_Task goal:_
Look in the material below for the line holding "Lịch sử đối". Set it down exactly, with each later line up to and including the line holding "revoked the underlisted".

_Dataset content:_
========================================================================

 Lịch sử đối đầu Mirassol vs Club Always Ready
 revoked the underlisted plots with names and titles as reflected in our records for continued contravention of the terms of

========================================================================

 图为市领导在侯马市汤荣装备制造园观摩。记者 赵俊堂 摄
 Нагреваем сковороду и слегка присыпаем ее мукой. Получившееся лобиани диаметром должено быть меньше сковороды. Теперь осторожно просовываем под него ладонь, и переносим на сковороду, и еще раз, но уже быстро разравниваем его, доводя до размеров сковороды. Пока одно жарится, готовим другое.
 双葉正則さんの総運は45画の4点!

========================================================================

_Solution to this task:_
 Lịch sử đối đầu Mirassol vs Club Always Ready
 revoked the underlisted plots with names and titles as reflected in our records for continued contravention of the terms of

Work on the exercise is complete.